TASK STATEMENT —
Reproduce exactly, and only, the lines of the material below running from the line bearing "Etienne Davodeau et" through the line bearing "Cavalletto in acciaio, tamburo". Leave any pictures out.

SOURCE MATERIAL —

══════════

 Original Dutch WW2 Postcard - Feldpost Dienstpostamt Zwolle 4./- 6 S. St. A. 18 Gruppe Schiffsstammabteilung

══════════

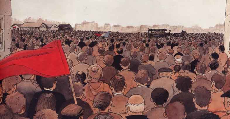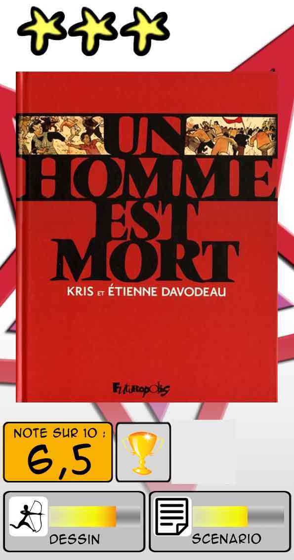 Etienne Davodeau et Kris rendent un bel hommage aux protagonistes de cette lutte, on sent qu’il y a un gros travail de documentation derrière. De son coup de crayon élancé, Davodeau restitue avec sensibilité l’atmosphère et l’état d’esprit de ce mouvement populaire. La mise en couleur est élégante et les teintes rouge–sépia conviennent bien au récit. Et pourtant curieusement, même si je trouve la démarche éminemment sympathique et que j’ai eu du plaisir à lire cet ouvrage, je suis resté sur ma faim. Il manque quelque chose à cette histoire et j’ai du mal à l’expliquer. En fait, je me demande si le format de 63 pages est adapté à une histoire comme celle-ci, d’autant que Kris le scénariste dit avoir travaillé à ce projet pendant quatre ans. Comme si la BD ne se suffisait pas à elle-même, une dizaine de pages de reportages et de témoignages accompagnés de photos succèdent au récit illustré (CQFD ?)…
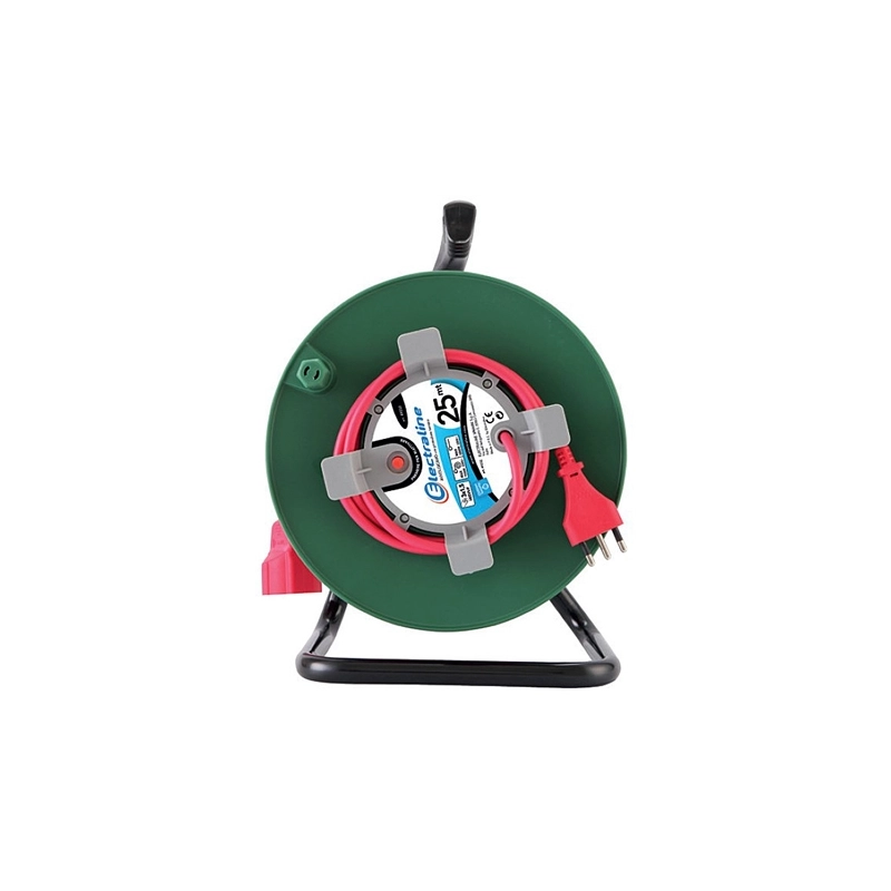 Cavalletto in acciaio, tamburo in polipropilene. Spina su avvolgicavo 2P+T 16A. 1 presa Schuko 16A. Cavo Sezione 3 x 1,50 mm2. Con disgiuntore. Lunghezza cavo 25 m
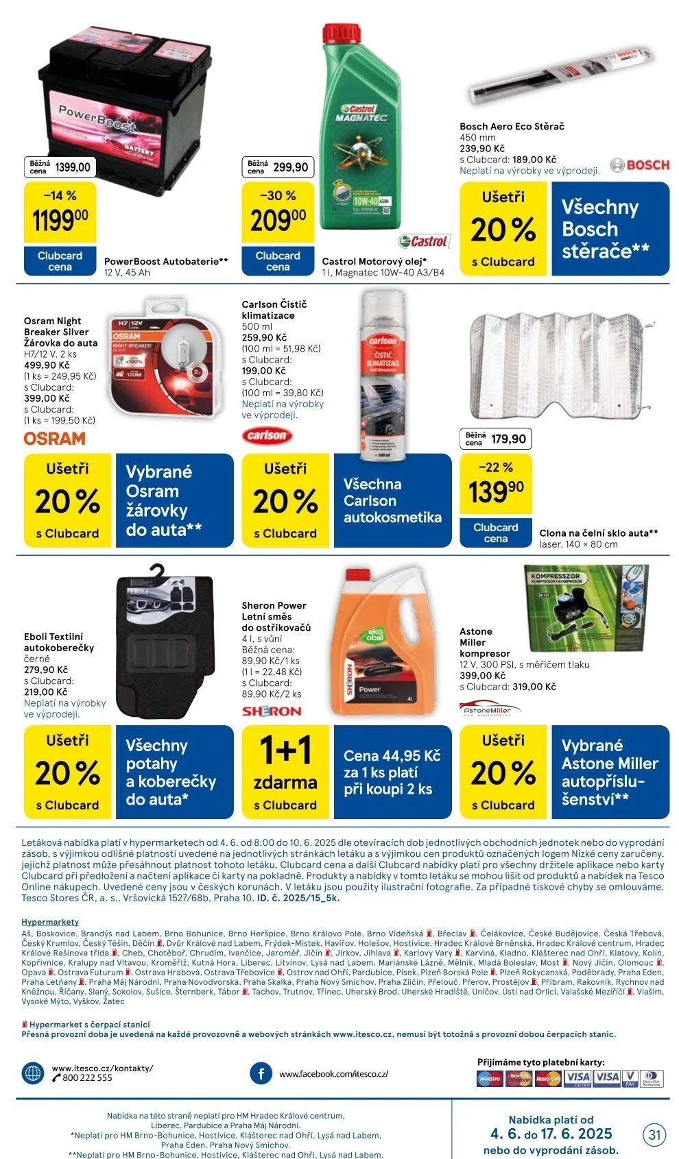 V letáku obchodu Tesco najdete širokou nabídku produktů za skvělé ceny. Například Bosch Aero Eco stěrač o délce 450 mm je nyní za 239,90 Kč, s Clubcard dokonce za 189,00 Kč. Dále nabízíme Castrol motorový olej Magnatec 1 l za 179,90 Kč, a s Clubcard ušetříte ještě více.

══════════

OUTPUT OF THE TASK —
 Etienne Davodeau et Kris rendent un bel hommage aux protagonistes de cette lutte, on sent qu’il y a un gros travail de documentation derrière. De son coup de crayon élancé, Davodeau restitue avec sensibilité l’atmosphère et l’état d’esprit de ce mouvement populaire. La mise en couleur est élégante et les teintes rouge–sépia conviennent bien au récit. Et pourtant curieusement, même si je trouve la démarche éminemment sympathique et que j’ai eu du plaisir à lire cet ouvrage, je suis resté sur ma faim. Il manque quelque chose à cette histoire et j’ai du mal à l’expliquer. En fait, je me demande si le format de 63 pages est adapté à une histoire comme celle-ci, d’autant que Kris le scénariste dit avoir travaillé à ce projet pendant quatre ans. Comme si la BD ne se suffisait pas à elle-même, une dizaine de pages de reportages et de témoignages accompagnés de photos succèdent au récit illustré (CQFD ?)…
 Cavalletto in acciaio, tamburo in polipropilene. Spina su avvolgicavo 2P+T 16A. 1 presa Schuko 16A. Cavo Sezione 3 x 1,50 mm2. Con disgiuntore. Lunghezza cavo 25 m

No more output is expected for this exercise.